Zum Artikel: „Was macht der Krieg mit den Kindern“ vom 2. August

Täglich verfolge ich die Ereignisse in Gaza und Israel. Ich habe den Zweiten Weltkrieg zusammen mit meinen fünf Geschwistern in Berlin erlebt und erlitten. Was wir als Kinder damals durchmachten, hätte eine Warnung für alle Kriegstreiber in der Welt sein müssen. Wir haben uns bei den Bombenangriffen die Ohren zugehalten, geweint, uns an unsere Mutter und Geschwister geklammert, vor Angst bei den Einschlägen der Bomben in die Hosen gemacht, und wir haben Fingernägel gekaut und abgebissen. Wir brauchten Jahre, um das alles zu verarbeiten und haben es noch heute nicht ganz überwunden. Die Seele der Kinder wurde und wird getötet. Für immer und immer. Wenn ich an die Kinder in Israel und Gaza (beide Länder kenne ich von Reisen) denke, verstehe ich die Politiker in aller Welt nicht, warum hier dem Töten nicht Einhalt geboten wird. Stoppt diesen wahnsinnigen Krieg, gebt Kindern ihre Kindheit zurück und gebt Palästina – oder den Palästinensern ein Stück Land, in dem sie leben können. So geht es nicht weiter. Ich leide mit den Menschen auf beiden Seiten.

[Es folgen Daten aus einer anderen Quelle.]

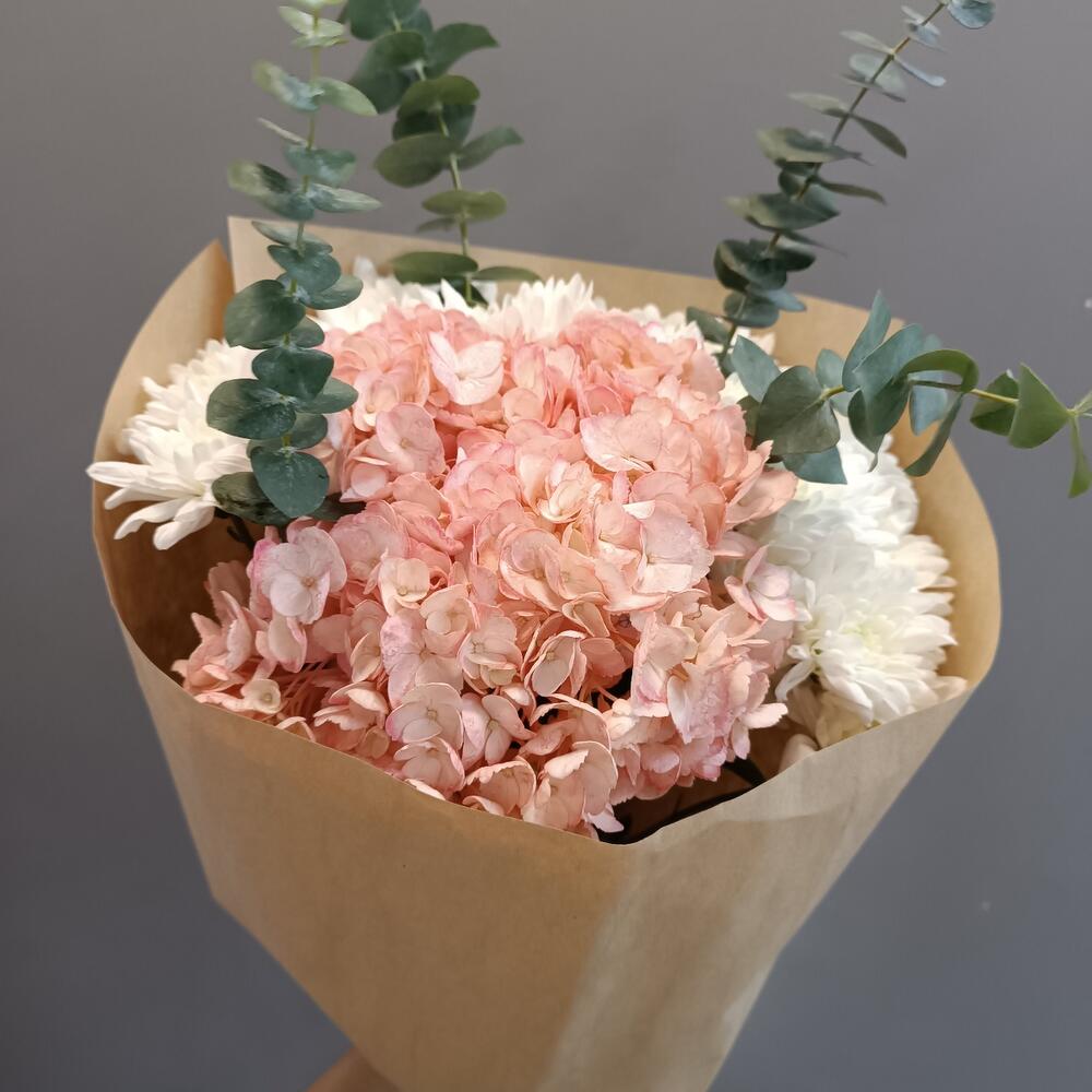 "Эвкалиптическая роскошь" гортензия и пионовидная кустовая роза

Regina Schwenke, per E-Mail

Obstbauern haben schon immer billige Arbeitskräfte beschäftigt

Zum Artikel: „Sauer verdiente Kirschen“ vom 3. August

Sie haben es schon schwer, die brandenburgischen Obstbauern. Dabei wurden dort schon immer gern billige Arbeitskräfte genutzt. Zu DDR-Zeiten waren das unter anderem Ostberliner Schüler. Ich entsinne mich, in Werder für 2,50 Mark die Stunde Erdbeeren gepflückt zu haben. Woher will der Landwirt eigentlich wissen, dass die Lebenshaltungskosten in Polen so viel niedriger sind? Benzin kostet fast das Gleiche wie in Berlin, und nach einem Besuch in einem polnischen Discounter würde man auch keine großen Preisunterschiede feststellen.